Held-out evaluation set (774 prompts) for the Block-3 confidence / correctness-estimation comparison. Pairs with YangyiYY/rl-value-confidence-train (training) and the nct-ppo actor/critic models. Each row is in the verl RL schema so the shared grader scores it directly.

Single test split (the former validation+test splits are merged into one).

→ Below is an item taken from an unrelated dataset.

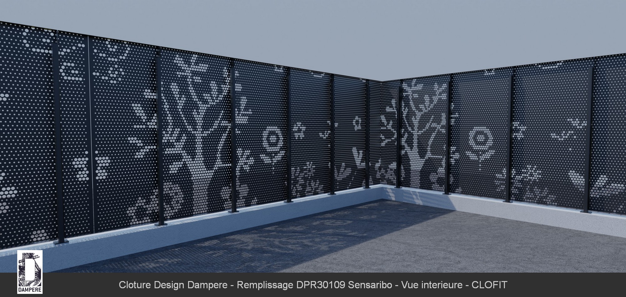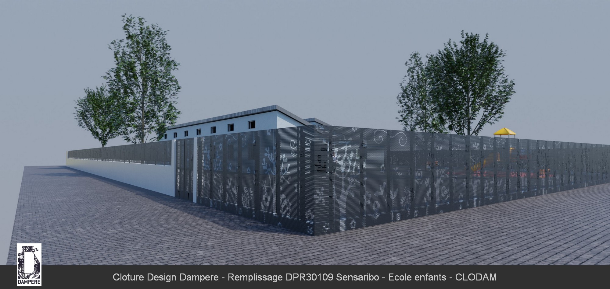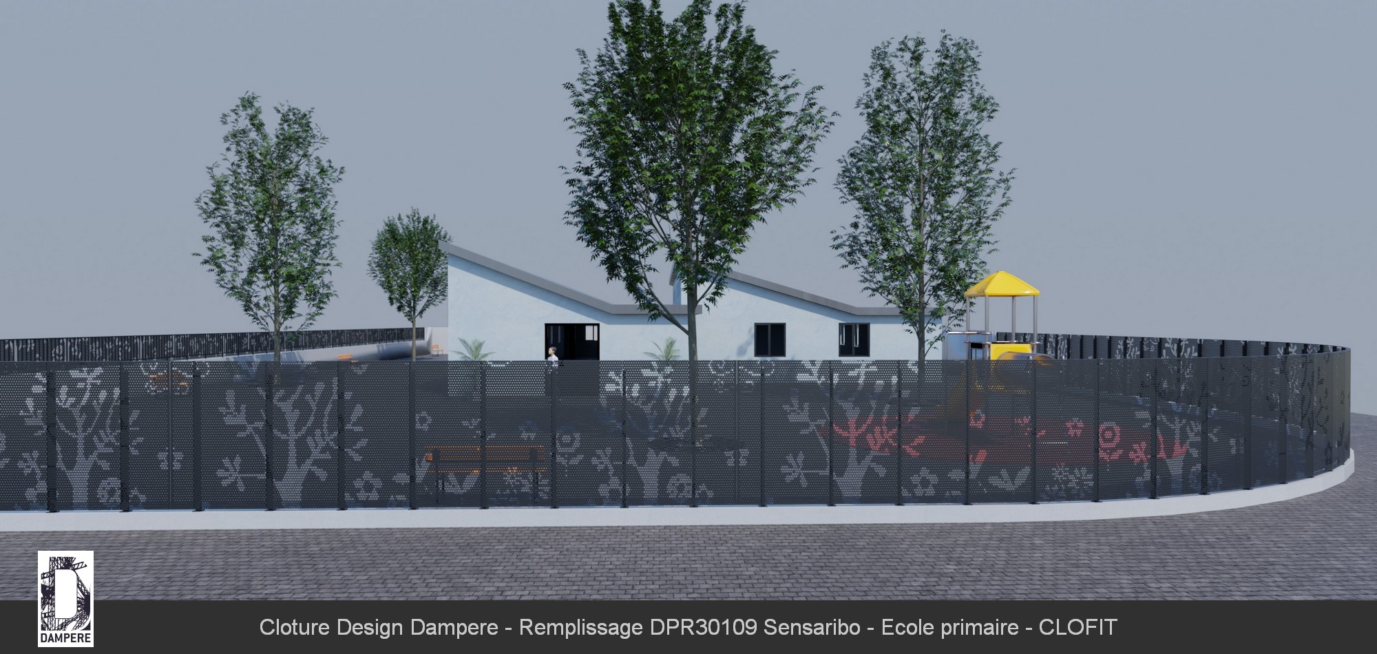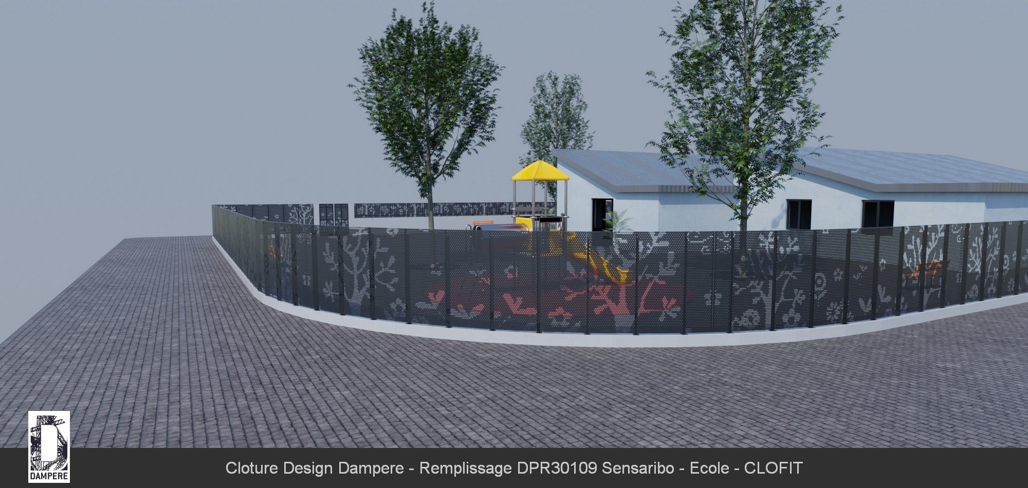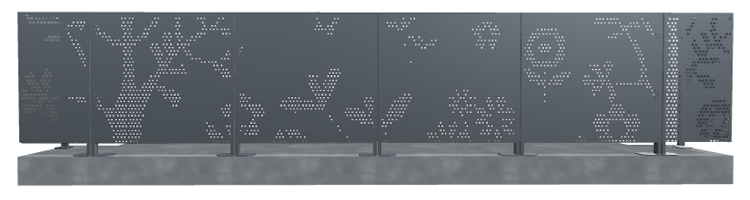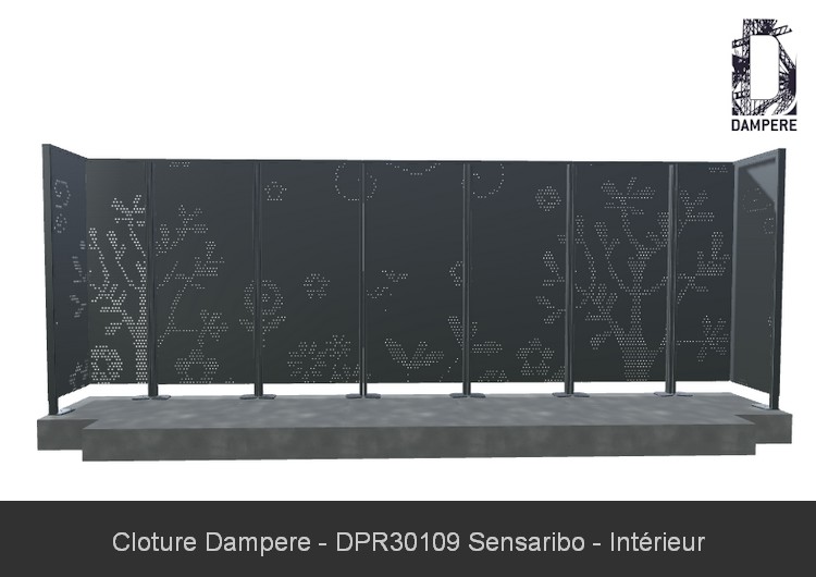 La clôture en acier Sensaribo de DAMPERE s’intègre parfaitement dans des environnements tels que les parcs et jardins, où elle combine esthétisme et fonctionnalité. Grâce à son motif floral distinctif, elle ne se contente pas de délimiter un espace, mais participe activement à l’embellissement du paysage, tout en assurant une protection efficace. Sa capacité d'occultation la rend idéale pour isoler visuellement des zones sensibles, telles que les aires de jeux sécurisées pour les enfants, où la confidentialité et la sécurité sont primordiales. Dans ces espaces, Sensaribo crée une barrière à la fois visuelle et physique, protégeant les enfants des regards indiscrets tout en assurant leur sécurité. Le motif floral en partie basse ajoute une dimension ludique et accueillante, transformant la clôture en une extension naturelle de l'environnement, presque comme un jardin stylisé. Les perforations soigneusement agencées laissent passer la lumière tout en offrant une occultation suffisante pour garantir que les activités à l'intérieur de l'aire de jeux ou du parc restent protégées de l'extérieur. La Sensaribo devient ainsi une solution incontournable pour ceux qui cherchent à combiner sécurité, intimité et une touche décorative. Son design naturel et ses qualités d'occultation en font un choix parfait pour protéger des espaces verts tout en conservant leur beauté et leur ouverture sur l’extérieur.Effet produit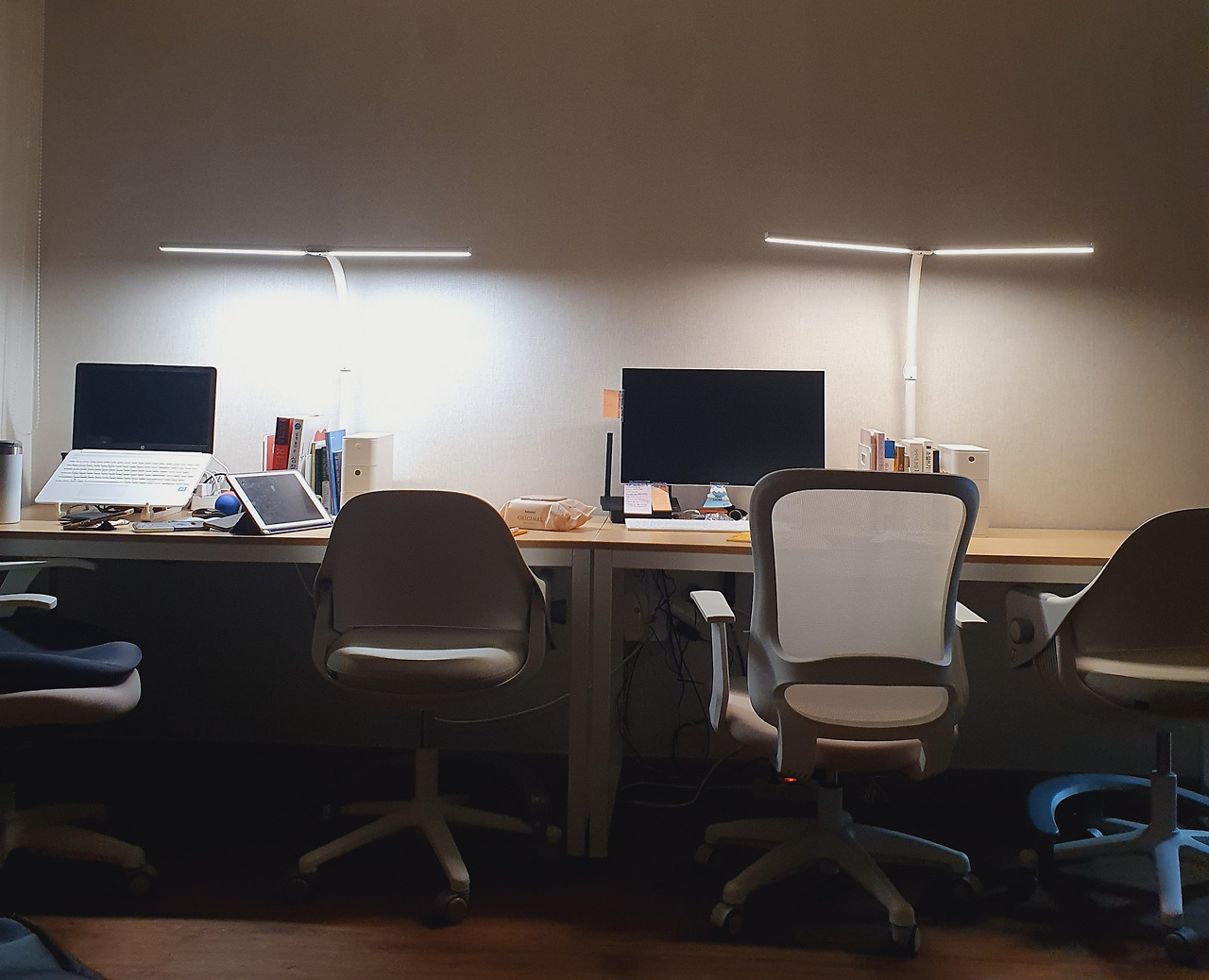 T자형 와이드 스탠드를 한 가운데 놓아 두 자리의 조명을 커버하게 했다.

Composition & subset annotation

Every row carries a fine-grained subset label in both extra_info.sub_source and a top-level sub_source column:

data_source n sub_source =
taco 300 TACO difficulty — EASY / MEDIUM / MEDIUM_HARD / HARD / VERY_HARD
codeforces 300 rating_1300, rating_1400
math_box (numina) 98 NuminaMath origin — cn_k12 / synthetic_math / orca_math / olympiads / gsm8k / synthetic_amc / aops_forum / amc_aime / math
codecontests 76 rating_800rating_1200

Grader / ground_truth

reward_model.ground_truth is built for the shared reference grader (reference/ in the project repo): math → {"answer": …}; code → input_output JSON with the full hidden test suites (CodeContests public+private+generated, Codeforces full suite, TACO raw input_output incl. call-based fn_name), no per-problem test-case cap. Correctness = last \boxed{} match (math) or all stdio/functional cases pass (code, 6s/case · 60s/problem).

Schema

data_source · prompt (chat messages) · ability · reward_model.ground_truth · sub_source · extra_info (id, rating, sub_source).